Adjusted cash flow (cash flow before working capital changes, a non-GAAP measure - see page 6 for reconciliation to the GAAP measure) for the first quarter of 2014 increased 1% to $73.6 million, compared to $72.6 million for that measure in the first quarter of 2013, and decreased 5% when compared to adjusted cash flow of $77.8 million for the fourth quarter of 2013.

Swift Energy produced 2.94 million barrels of oil equivalent (“MMBoe”) during the first quarter of 2014, a 4% increase over first quarter 2013 production of 2.82 MMBoe, and down 5% compared to fourth quarter 2013 production of 3.09 MMBoe.

“Our focused South Texas development program continues to yield excellent results,” commented Terry Swift, CEO of Swift Energy. “Our oil and gas professionals are able to hydraulically stimulate greater hydrocarbon reservoir volumes using longer laterals and more proppant. We are applying these techniques across our South Texas asset base and, at the same time, are lowering our costs.

“The three new wells brought online in our Fasken area this quarter have all individually maintained gross production rates in excess of 15 million cubic feet per day (“MMcf/d”) over their first 60 days of production. At the end of this 60 day period, each of these wells had produced greater than 900 MMcf of gas while maintaining flowing pressures materially higher than older wells completed with shorter laterals and less proppant. Based on these performance results, we intend to pursue additional firm natural gas transportation capacity in excess of the current 75 million cubic feet per day available to us in the Fasken area. We expect to utilize any new transportation that becomes available to us, which we would hope to have in place by early next year, and view this area as an important strategic step toward developing high margin, predictable production volumes.”

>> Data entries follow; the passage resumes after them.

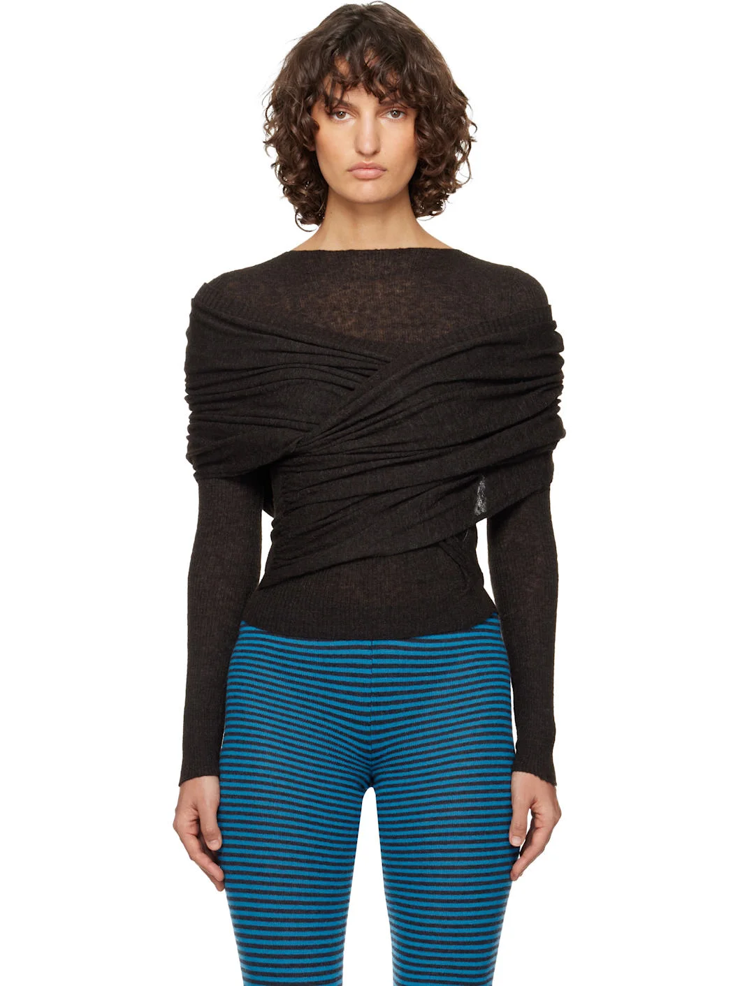 Semi-sheer rib-knit recycled nylon- and baby alpaca-blend sweater. · Layered wrap construction · Draping throughout · Crewneck Supplier color: Brown 43% recycled nylon, 40% baby alpaca, 10% extrafine merino wool, 7% polyamide. Made in Spain 261648F096005
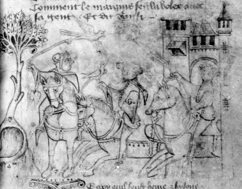 Parigi, Bibliothèque Nationale de France, Fr. 2203, f. 3r. Il manoscritto è datato 1395. Gualtieri si reca a caccia col falcone accompagnato dal suo seguito.
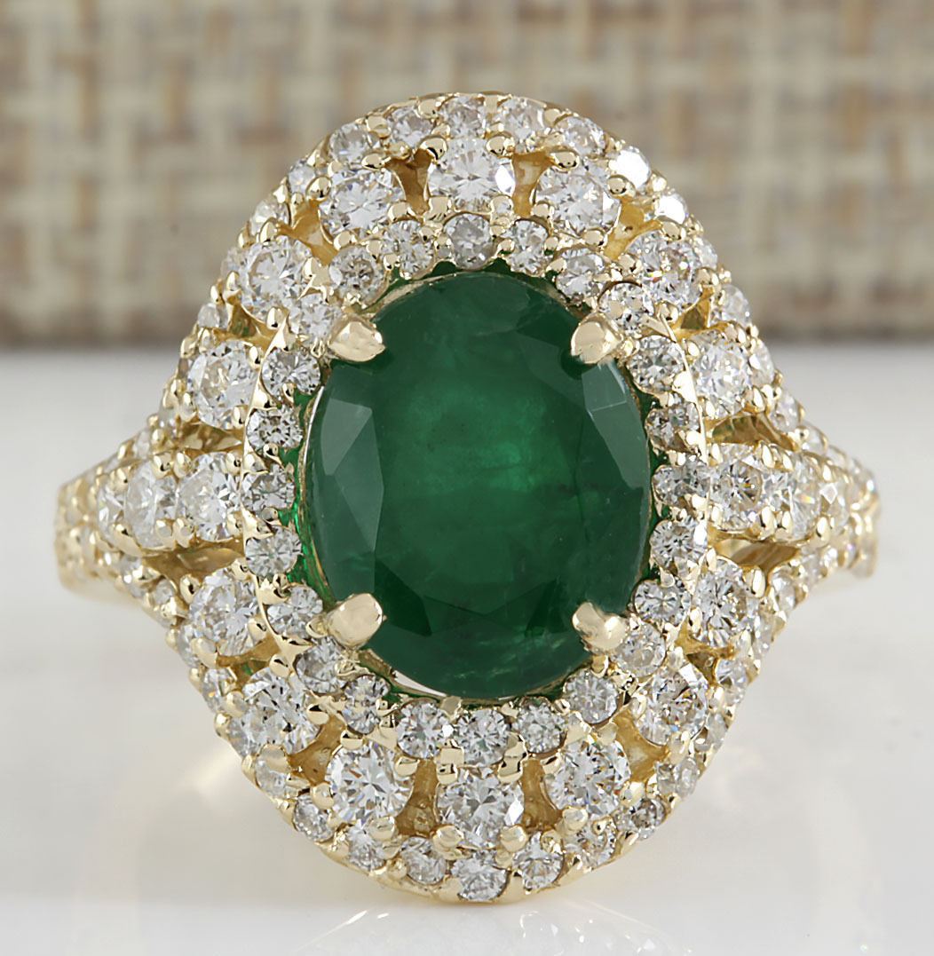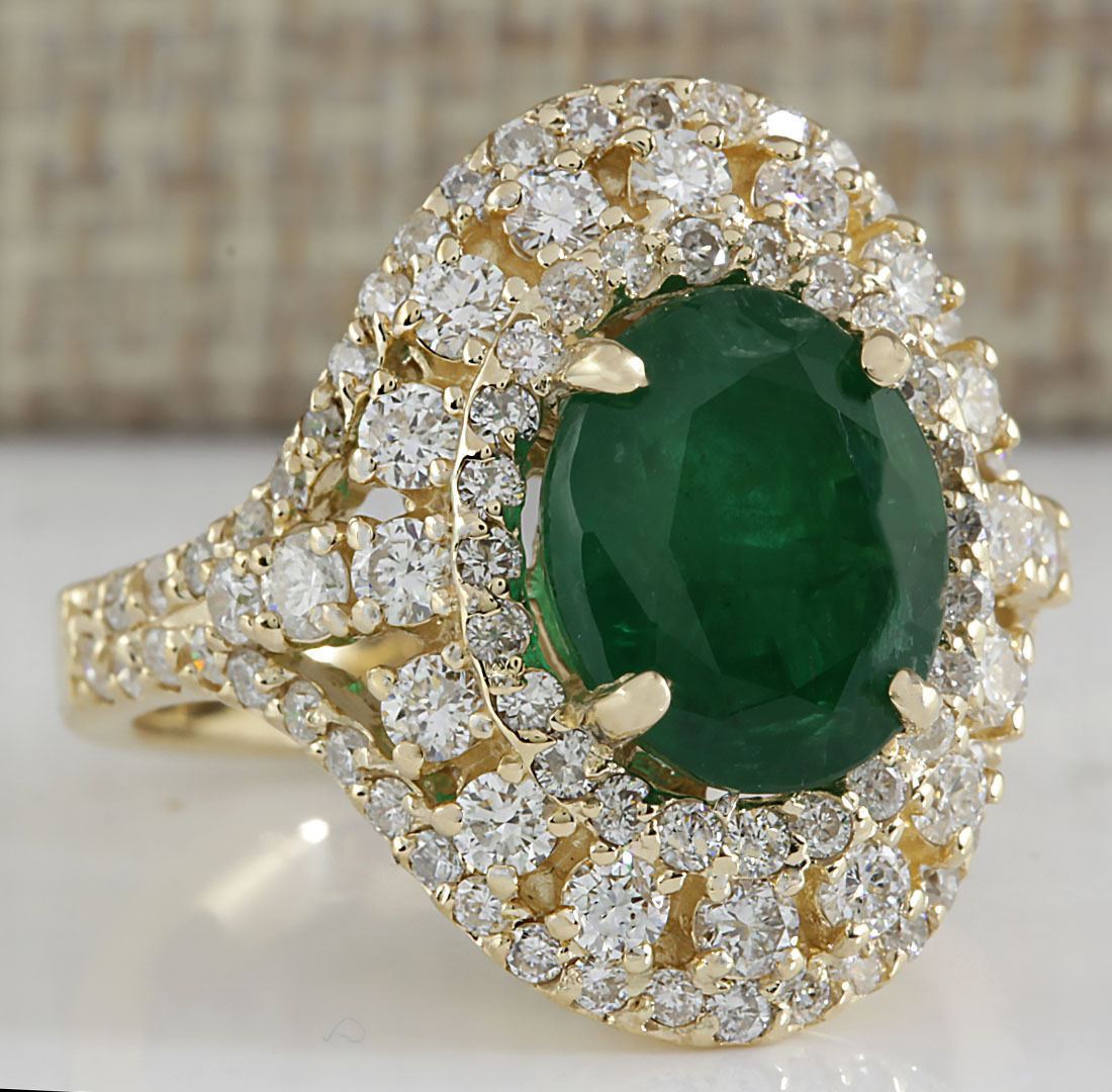 Stamped: 14K Ring Size: 6.75 Total Ring Weight: 8 Grams Diamond Weight: Total natural diamond weight is 1.50carat. SI1-SI2 clarity / G-H color Gemstone Weight: Total Natural Emerald Weight is 3.52ctw (Measures: 10.35x8.30mm) High End Gemstone Face Measures: 20.00x18.20mm Main stone color: Green [SKU:702674]
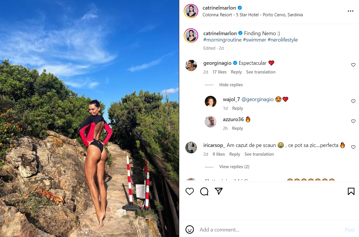Iubita lui Cristiano Ronaldo pare că nu s-a putut abține și i-a lăsat un comentariu lui Catrinel Marlon: „Espectacular”, i-a scris aceasta în dreptul pozei. În traducere liberă: „Spectaculoasă”.
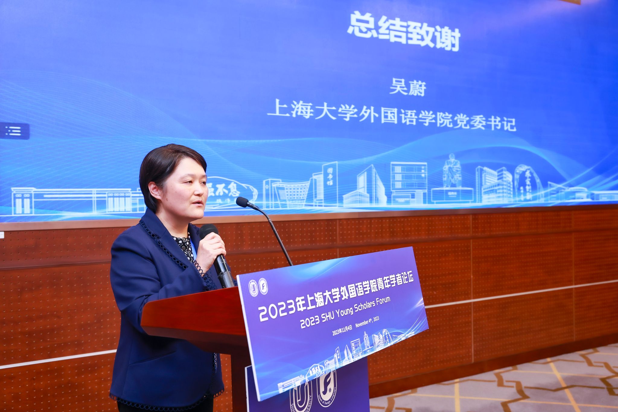 闭幕式上,尚新院长为陈雷研究员颁发了“澳门正规电子游戏平台客座教授”聘书,吴蔚书记为与会青年学者颁发了参会证明,随后为本次论坛做致谢总结。吴书记首先代表学院向参加本次高水平青年论坛学术盛会的全体专家和青年才俊表示感谢,强调青年学者是学科发展和科学研究的青春之源,是学院未来发展中最积极、最蓬勃、最有朝气的青春力量。学院此次围绕“融通中外、文明互鉴”主题举办青年学者论坛,开阔了各学科领域之间、各语种之间的研究视野,推动了青年师生之间的思想碰撞与合作交流,鼓励青年学者通过思想的汇聚融通来提升学术研究的广度和深度,同时在以提升国际传播效能、助推中外文明交流互鉴的学术使命方面达成了高度的共识。
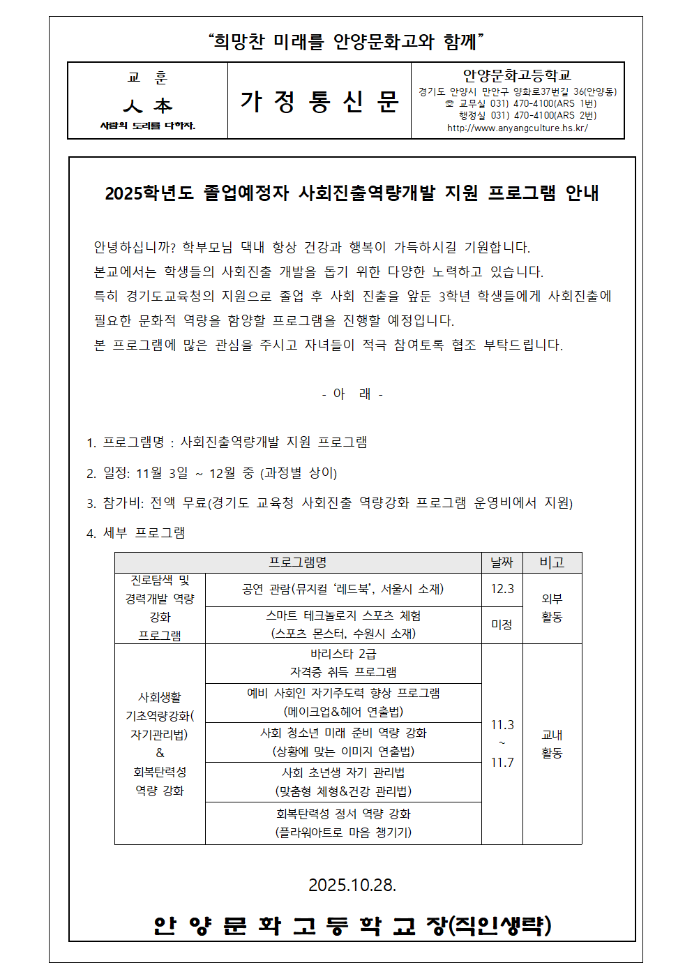 2025학년도 10월 보건소식지

First Quarter Revenues and Expenses

Oil and gas sales revenues for the first quarter of 2014 increased 1% to $148.6 million from the $146.5 million in the first quarter of 2013. Total revenues for the first quarter of 2014 (including a pre-tax loss of $3.4 million for a non-cash fair value adjustment associated with the Company’s ongoing price risk management program) decreased 2% to $143.7 million from the $146.2 million generated in the first quarter of 2013.

Depreciation, depletion and amortization expense (“DD&A”) of $20.95 per barrel of oil equivalent (“Boe”) in the first quarter of 2014 decreased 2% from $21.33 of DD&A per Boe in the comparable period in 2013 due to increased reserve levels, partially offset by a higher depletable base.

Lease operating costs before severance and ad valorem taxes, were $8.58 per Boe in the first quarter 2014, an approximate 12% decrease when compared to $9.73 per Boe incurred in the same period of 2013. The decrease was due to costs associated with a well control incident in Lake Washington during the first quarter of 2013 as well as cost decreases in South Texas, primarily for lower salt water disposal costs.

Transportation and processing expense in the first quarter of 2014 of $1.80 per Boe decreased from $2.14 per Boe in the first quarter of 2013 due primarily to lower levels of NGL production.

Severance and ad valorem taxes decreased to $3.13 per Boe in the first quarter of 2014 from $3.47 per Boe in the first quarter of 2013 primarily due to a higher percentage of revenues associated with production in Texas, which carries a lower overall severance tax rate than Louisiana, coupled with some prior period retroactive tax credits approved and received during the first quarter of 2014.

General and administrative expenses decreased to $3.65 per Boe during the first quarter of 2014, down from $4.51 per Boe in the same period in 2013. Interest expense increased to $6.27 per Boe in the first quarter of 2014 compared to $5.96 per Boe for the same period in 2013 due to increased borrowings against our line of credit.

First Quarter Pricing

The Company realized an aggregate average price of $50.45 per Boe during the quarter, a decrease from the $51.97 per Boe average price received in the first quarter of 2013.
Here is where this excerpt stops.